Holocaust survivor to deliver US House prayer noting 75th year of Auschwitz liberation

A 90-year-old rabbi who survived the Holocaust will deliver the opening prayer in the U.S. House of Representatives on Wednesday, announced Rep. Max Rose (D-N.Y.) on Monday.

“As we commemorate the 75th anniversary of the liberation of Auschwitz and International Holocaust Remembrance Day, I’m honored to welcome Holocaust survivor and Staten Island resident Rabbi Romi Cohn to offer the opening prayer before the House of Representatives this Wednesday,” said Rose in a statement.

“Rabbi Cohn’s life story is a stark and vivid reminder that not only must we never forget the Holocaust, but we must also learn the lessons from this horrific and evil period to ensure such persecution never happens again,” he continued. “Rabbi Cohn is truly a role model and inspiration to so many, including myself.”
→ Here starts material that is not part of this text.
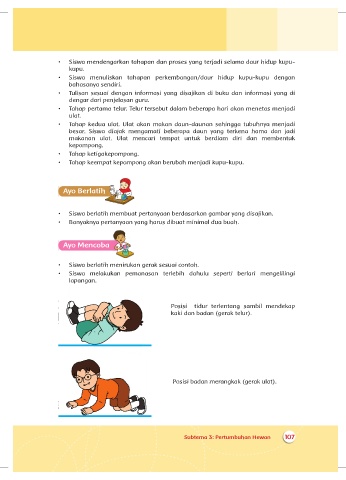 • Siswa menuliskan tahapan perkembangan/daur hidup kupu-kupu dengan

Rabbi Avraham Hakohen “Romi” Cohn was born in 1929 in Pressburg in what was then Czechoslovakia.

In 1942, when the Nazis invaded, his parents managed to smuggle him over the border to Hungary. Cohn attended the Pupa Yeshiva, the elite Torah university at the time.
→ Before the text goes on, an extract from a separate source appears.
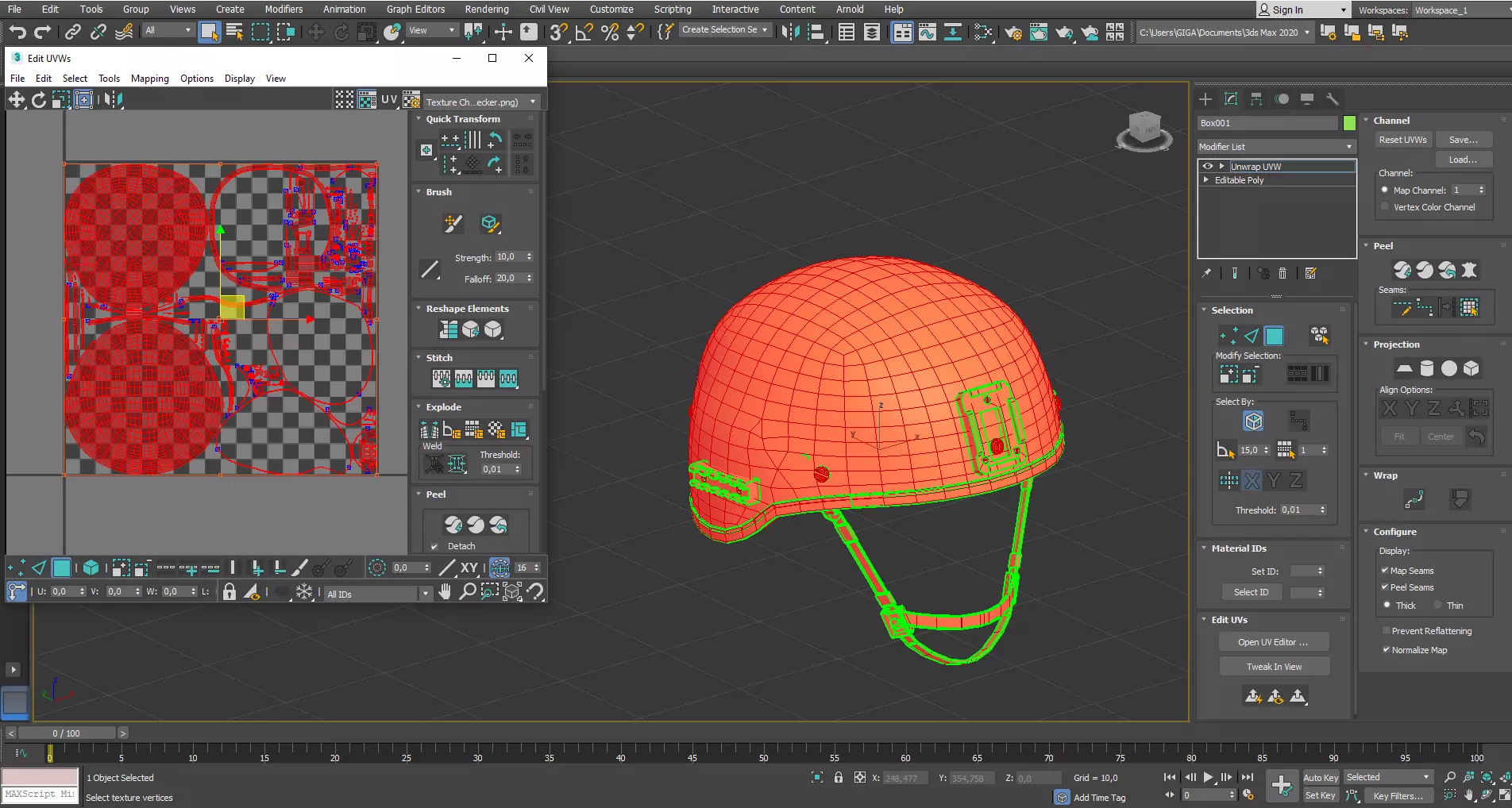 SOBR头盔模型替换简易指南。基于3D编辑器3Ds Max。 模型 在3Ds Max中创建带有UV展开的模型。为了进行模型测试,我创建了一个带有展开的简单头盔模型。

After the Nazis invaded Hungary two years later, Cohn returned to Czechoslovakia to join the underground. He was just 16 and became instrumental in saving 56 families during the Holocaust. He was later awarded the Silver Star Medal of Honor in recognition of his valor.

Cohn has written a book about his experiences, The Youngest Partisan.

His mother, two sisters and two brothers perished in a concentration camp during the Holocaust.

In 1950, he left Eastern Europe for North America—first to Canada and eventually to Brooklyn, N.Y., where he met his wife, Malvine.

He became a rabbi and a mohel who has made a point to train young mohels as well. Cohn is the author of Bris Avraham Hakohen, an internationally recognized text on ritual circumcision, and serves as chairman of the American Board of Ritual Circumcision.

Most recently, he published The Ribnitzer Rebbe, which tells the story of his mentor, Rabbi Chaim Zanvil Abramovitz.

Cohn is also a real estate developer, beginning work in the construction industry when he got to New York. He headed a company that went on to build 3,500 homes in Staten Island.

In recognition of his service to the community, Wagner College on the island awarded him an Honorary Doctor of Humane Letters.